Nutrition Info (per serving)
Calories | Carbs | Fat | Protein |
---|---|---|---|
220 | 38g | 6g | 4g |
I was surprised how light this feels for how satisfying it is. To cut calories, I’ve used less oil, but ghee makes it taste richer. For gluten-free folks, just skip the asafoetida (some brands contain wheat). And if you’re watching sodium, go easy on the salt—the lemon brings plenty of flavor.
Ingredient Swaps
Ingredient | Substitution |
---|---|
Basmati rice | Jasmine rice or brown rice (adjust cooking time) |
Ghee | Coconut oil or butter |
Peanuts | Cashews or almonds |
Fresh lemon | Lime or bottled lemon juice (but fresh is best) |
I once used brown rice thinking I’d be ~healthy~ and ended up with chewy, undercooked grains. Jasmine rice works great, though! And lime juice is a fun twist, but it’s sharper than lemon—start with less. Cashews are fancier than peanuts, but honestly? Peanuts give that street-food vibe I love.
Tips
- Don’t skip rinsing the rice—it’s the difference between fluffy and clumpy.

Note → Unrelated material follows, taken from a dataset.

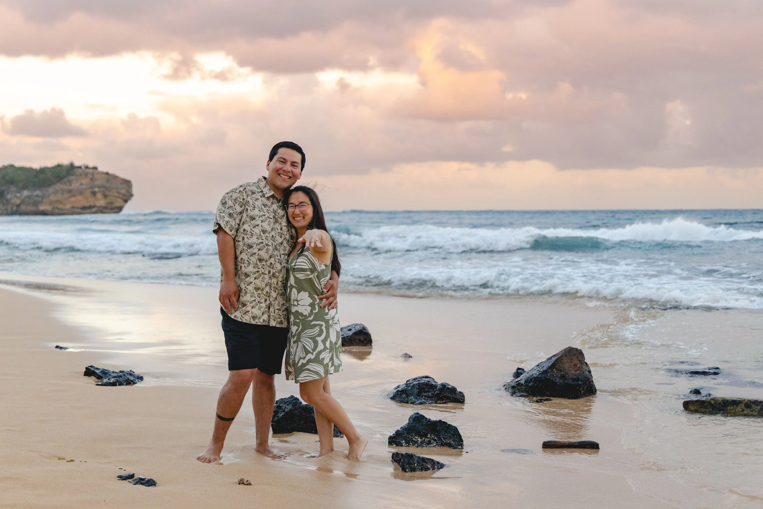 This photo session was extra special for me! My best friend Courtney got engaged! Courtney and Cristian came to Shipwreck Beach on Kauai's south shore just after getting engaged, and the sky that evening had clearly heard the news.

- Wait for the mustard seeds to pop. If they burn, start over (bitter rice is sad rice).
- Add lemon juice off the heat to keep it bright and fresh-tasting.
- Toast the rice in the spices—it’s a game-changer.
That “wait for the mustard seeds to pop” tip? Yeah, I impatiented my way into scorched seeds once. Had to toss everything and start fresh. Now I set a timer for 30 seconds and walk away. Also, squeezing lemon into hot rice makes it taste cooked—add it at the end, like you’re dressing a salad.
FAQ
Can I make this ahead? Yes, but add the lemon and peanuts right before serving. Leftovers lose some zing, but a squeeze of fresh lemon fixes it.
Why is my rice mushy? Probably too much water or over-stirring. Use the 2:1 water-to-rice ratio, and fluff gently with a fork.
Can I add veggies? Absolutely! Toss in peas, diced carrots, or spinach. Just sauté them with the spices before adding rice.
That’s everything I know about making easy lemon rice in 15 minutes! Hope you give it a try, and if you mess it up, you’re in good company—I’ve forgotten the lemon, burned the spices, and turned it into glue more times than I’d like to admit.
Easy lemon rice recipe in 15 minutes
A quick and vibrant lemon rice dish that’s perfect for busy nights, potlucks, or when you’re craving a little sunshine in a bowl.

Ingredients
- 1 cup basmati rice (or any long-grain rice)
- 2 cups water
- 1 tbsp olive oil or ghee
- 1 tsp mustard seeds
- 1 tsp turmeric
- 1/2 tsp cumin
- 1/4 tsp asafoetida (optional)
- 1/2 tsp salt
- Juice of 1 large lemon (about 3 tbsp)
- 2 tbsp chopped cilantro
- 1/4 cup roasted peanuts (optional)
Instructions
-
Rinse the rice under cold water until the water runs clear to remove excess starch.
-
Heat oil or ghee in a pot over medium heat. Add mustard seeds and wait for them to pop (about 30 seconds).
-
Add turmeric, cumin, and asafoetida (if using). Stir for 10 seconds until fragrant.
-
Add the rinsed rice and stir to coat it in the spices. Toast for 1 minute.
-
Pour in water and salt. Bring to a boil, then cover and simmer on low for 10 minutes.
-
Turn off the heat, fluff the rice with a fork, and drizzle lemon juice over it. Mix gently.
-
Stir in cilantro and peanuts. Taste and adjust with more lemon or salt if needed.